I'm looking at the guage which is new (means nothing because it is either Chinese or India) and I can't get any reading from it at all. I unscrewed the oil pop off in the front and squeezed some oil from a bottle to help It along but still no reading.
 
. Also tractor has not been started because I don't want to cause any damage before I can see guage reading. thanks
 
(quoted from post at 21:58:56 09/27/17) I unscrewed the oil pop off in the front and squeezed some oil from a bottle to help It along but still no reading.

ok, a couple of questions. how much oil is some? i went with a recommendation of 4 or 5 ounces of 90W.

when u squeezed it in, did u make sure to get it thru both holes? the hole with the hex plug, and the hole an inch or so further in that the plunger seats into?
 
(quoted from post at 12:57:42 09/28/17)
I am sure I didn't get the inner tube ,I will do that tonight. Thanks

you're welcome. when u only get the oil thru the outer hole, but not the inner, you're just adding more oil to the oil pan.
 
(quoted from post at 12:17:55 09/28/17)
(quoted from post at 13:32:58 09/28/17)
(quoted from post at 12:51:50 09/28/17) here you go visual:
piPaRTn.jpg

That's a nice lookin' gear ya got there ;-)

TOH
ey, what do ya want?..... Looks about 80% good to me! :)
Okay, I was able to get the engine primed so I started the tractor and It seemed to run around 20 psi, I thought that was a little low. I have 10W -30 synthetic oil In it. I didn't get any odd noises or excessive amount of heat.Shut It down for about half an hour and restarted ,no oil pressure this time and again no noises.

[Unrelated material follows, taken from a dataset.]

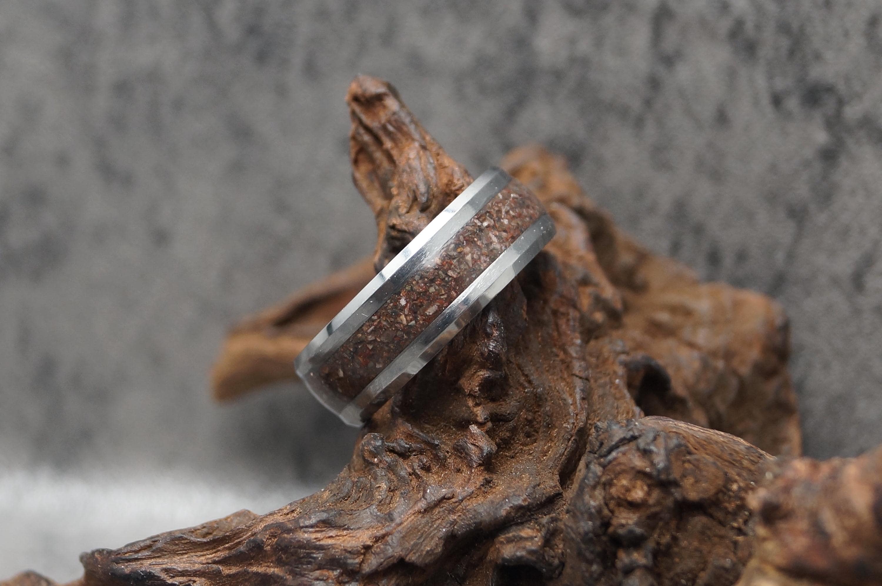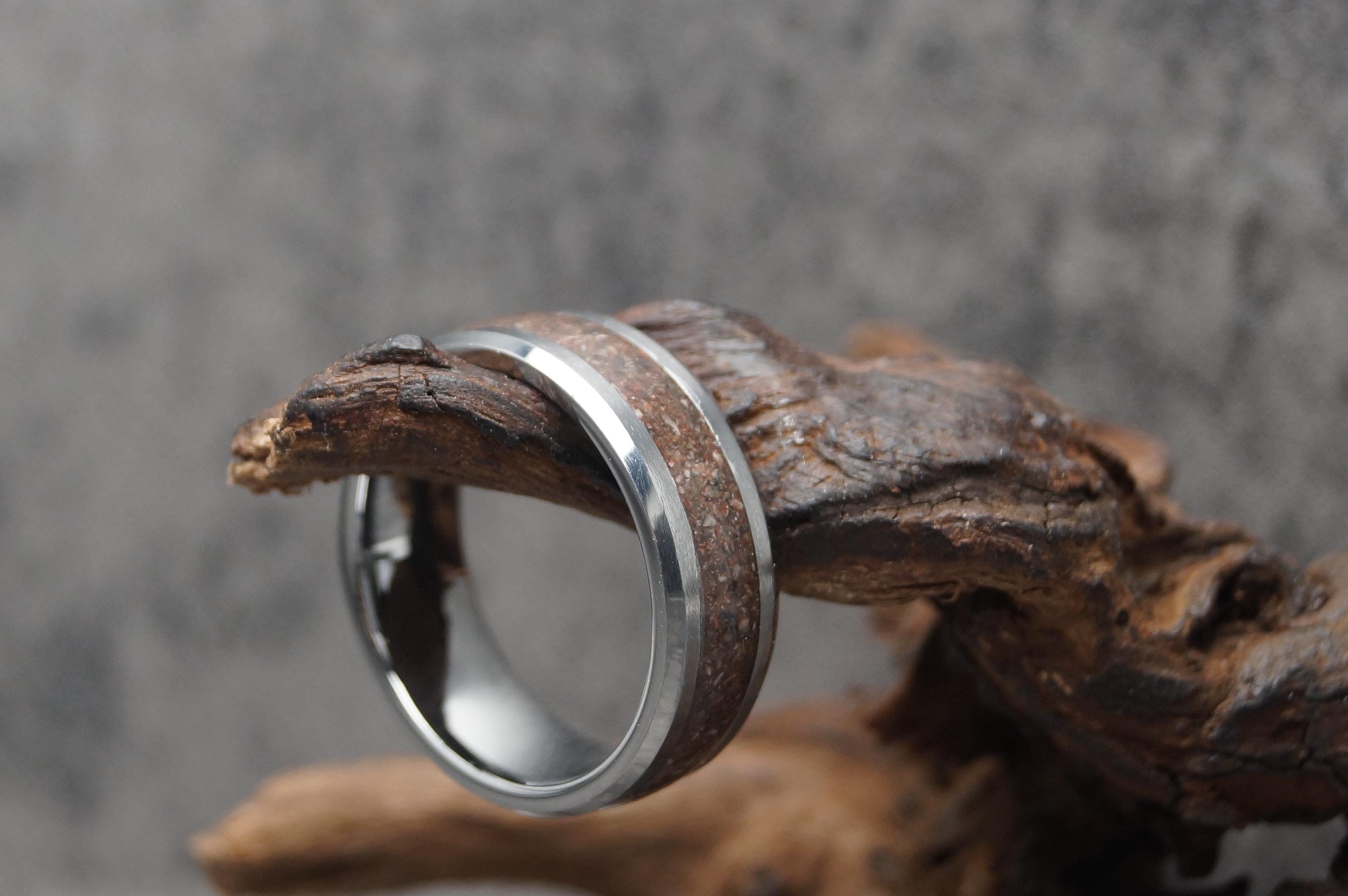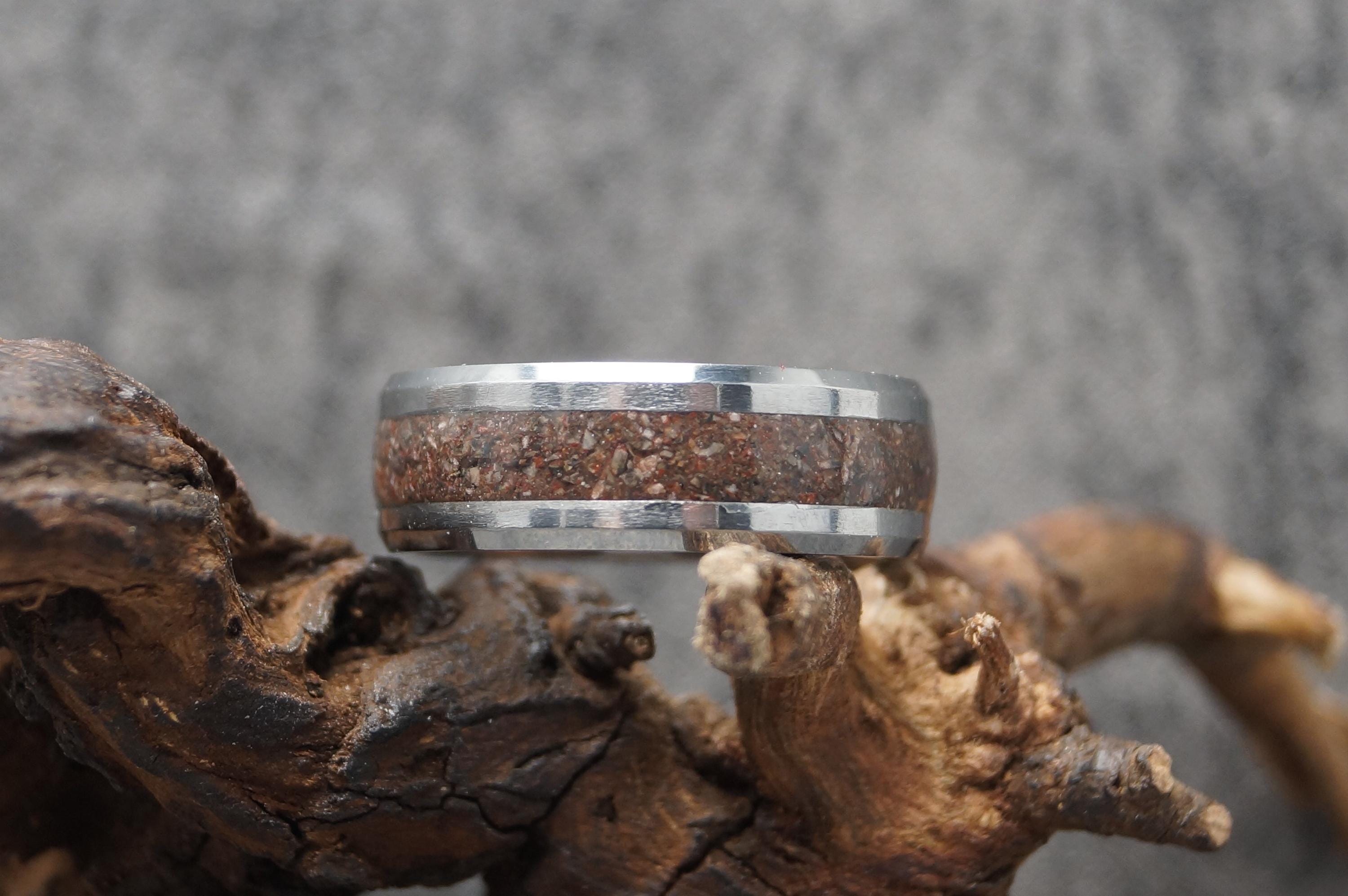 This genuine Tungsten Carbide ring inlaid with 100% Natural Rhodonite

Shut it down again and installed old oil guage , same ,no reading at all. Any suggestions. This is a rebuilt oil pump with new parts done by a machinist. thanks
 
Okay,so an update on low oil pressure. I started the engine and shortly (about 10 seconds) pressure came up to 27 psi. Within 10 minutes of running pressure comes down to 10 psi and finally 5 psi. Engine runs better than the last 27 year's we've owned it.No excessive heat ,no excessive vibrations,no skipping engine. Machinist checked crank and piston rods for clearance and both were very good.Rebuilt oil pump and I rebrazed the oil pick up tube due to it being a loose fit into pump housing. I ran I straight for 6 hours without a single issue at all. So now what ??? thanks
 
Well, assuming crankshaft bearing clearances are all as good as machinist said, then I see two likely causes for low oil pressure. 1) worn oil pump, 2) cam/block journals have too great a clearance.
 
I'm now looking for links or part numbers to 12 volt LED drop in replacement for my 8N. I want to just install LED into existing light housing front and rear. thanks for your help.